# Farming in 4K drone video



## HALLSHAY (Nov 30, 2008)

Here is my new drone video from this summer. Youtube compresses the files so much that the quality is not very good compared to the actual file. Unbelievable the clarity on my 65" 4K Samsung.

Hope you enjoy!


----------



## Growing pains (Nov 7, 2015)

I've seen a few of your haymaking videos that you have clips of on that one. My almost 2 year old son will sit in amazement watching. Keep it up.


----------



## glasswrongsize (Sep 15, 2015)

AWSOME! Makes me feel extremely inadequate.

73, Mark


----------



## urednecku (Oct 18, 2010)

AWESOME! is an understatement!!


----------



## FarmerCline (Oct 12, 2011)

Great video as always......thanks for sharing!


----------



## GunGeek (Sep 5, 2015)

That is awesome. I have a little 720P drone. I want a big one very badly.


----------



## discbinedr (Mar 4, 2013)

Wow! Congratulations on your achievements.


----------



## Circle MC Farms LLC (Jul 22, 2011)

I am very impressed.
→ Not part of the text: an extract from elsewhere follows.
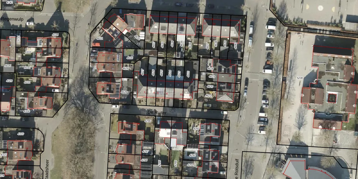 Het perceel waarop De Ruiter 10 staat heeft een oppervlakte van 139 m². Dit is een middelgroot perceel. De perceeloppervlakte wordt geregistreerd door het Kadaster. Gedetailleerde informatie over de maten van dit perceel kunt u vinden in het rapport Kadastrale kaart met maatvoering van De Ruiter 10.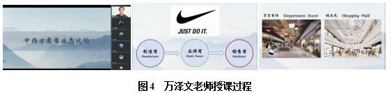 万泽文老师讲授的时尚买手,主要针对的是中西方零售业态比较进行讲授,授课时注重与同学们的沟通,问题的解答清晰易懂,授课气氛良好。

Question: what crop was the swather cutting about 2:40? looks like oats, and I'm trying to establish some here in Texas. Any info would be appreciated. Also, what video editing software did you use? Your quality of workmanship is superb.


----------



## lcjaynes (Jul 25, 2014)

I especially love the haying part of these videos. Really nice job on editing and shooting.


----------



## HALLSHAY (Nov 30, 2008)

Farmboy555 said:


> I am very impressed. Question: what crop was the swather cutting about 2:40? looks like oats, and I'm trying to establish some here in Texas. Any info would be appreciated. Also, what video editing software did you use? Your quality of workmanship is superb.


The video was edited using Adobe Premier Elements 14. About all I can tell you about those oats is that they were Magnum Oats that grew like crazy and yielded around 4 tons in 1 cutting. A friend has been planting them for the last 2 years.

Thanks for the compliments. I enjoy flying my drone and this is the best way to do something with the footage instead of letting it waste away on the hard drive.


----------



## Uphayman (Oct 31, 2014)

Thank you, wonderfully done !


----------